A terceira orientação é conheça seus pontos fortes e pontos a serem desenvolvidos. E para reconhecer pontos fracos é necessário muita maturidade. É preciso estar muito seguro de si, e as pessoas inseguras tem mais dificuldade em aceitar críticas. Peça sempre um feedback do seu comportamento. Pergunte aos seus chefes, aos seus pares e aos seus subordinados. Escute ( recomendação número 2!!). Peça exemplos de onde e quando se comportou desta ou daquela maneira. Não contra argumente quando confrontado com um ponto a ser desenvolvido. Peça mais exemplos e confirme as possibilidades com outros colegas. Em locais adequados a uma boa conversa íntima, com o tempo necessário para que o outro possa desenvolver sua tese. Lembre-se sempre que todos tem pontos a desenvolver. E pontos fortes, com certeza.
Marcelo Miranda – Qual sua opiniáo para como o gestor da geração X ou baby-boomer para lidar com equipes com jovens da geração Y da melhor maneira?
Eline Kullock – Para que o gestor possa lidar bem com todas as gerações é necessário primeiramente que ele entenda que as gerações pensam de forma diferente. Que cada geração terá suas demandas específicas. A Geração Y se ressente da baixa frequência de feedback, por exemplo. A Geração Y quer reuniões mais rápidas e processos menos engessados. Escute cada demanda e compreenda que nem todos pensam com sua cabeça, baseados no seu conjunto de crenças e vivências. Dê espaço para que coloquem seus pontos de vista. Nenhuma opinião ou pergunta é boba. Todas são válidas. Saiba se colocar no lugar dos outros. Ver a vida pelo olhos deles. Saiba criar espaços onde as pessoas podem reclamar, questionar, abrir debates. As pessoas precisam disso e vão confiar mais em você se você confiar mais nelas. Não deixe de colocar suas próprias opiniões. Você tem suas próprias opiniões, claro, e deve explicitá-las, mas ouvir outros pontos de vista só farão de você um gestor mais completo.
Perfil: Eline Kullock
Eline é presidente do Grupo Foco, consultoria que fundou há 19 anos e hoje conta com 250 funcionários e 8 filiais nos estados mais importantes do Brasil...

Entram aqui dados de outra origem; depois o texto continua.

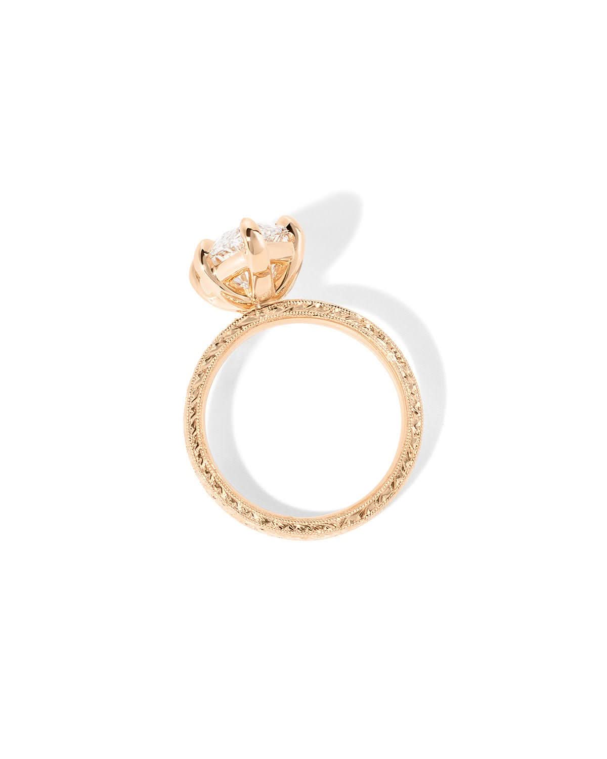 With no side stones, this solitaire design highlights the beauty of the center stone while showcasing exquisite craftsmanship and vintage-inspired detailing.

...Eline escreveu diversos artigos para jornais e revistas, discutindo as tendências das organizações e seus funcionários, sempre baseada em estudos e pesquisas.
Seu know-how também é fonte de referência em assuntos de RH para veículos da grande imprensa, como Gazeta Mercantil, Exame, TV Globo, Folha de São Paulo, entre outros veículos
Eline pesquisa há vários anos tendências do comportamento dos jovens e a influência dos videogames em sua atuação profissional, tendo sido fonte de referência para a imprensa nacional no assunto, especialmente quando se fala em “Geração Y“
Iniciou a carreira na diretoria da Mesbla Loja de Departamentos, atuando como Diretora de Recursos Humanos, Planejamento Estratégico e Organização. Também foi Diretora da Servenco, na holding que congrega empresas de construção, incorporação, administração de imóveis, Hotelaria e Administração de Shopping Centers.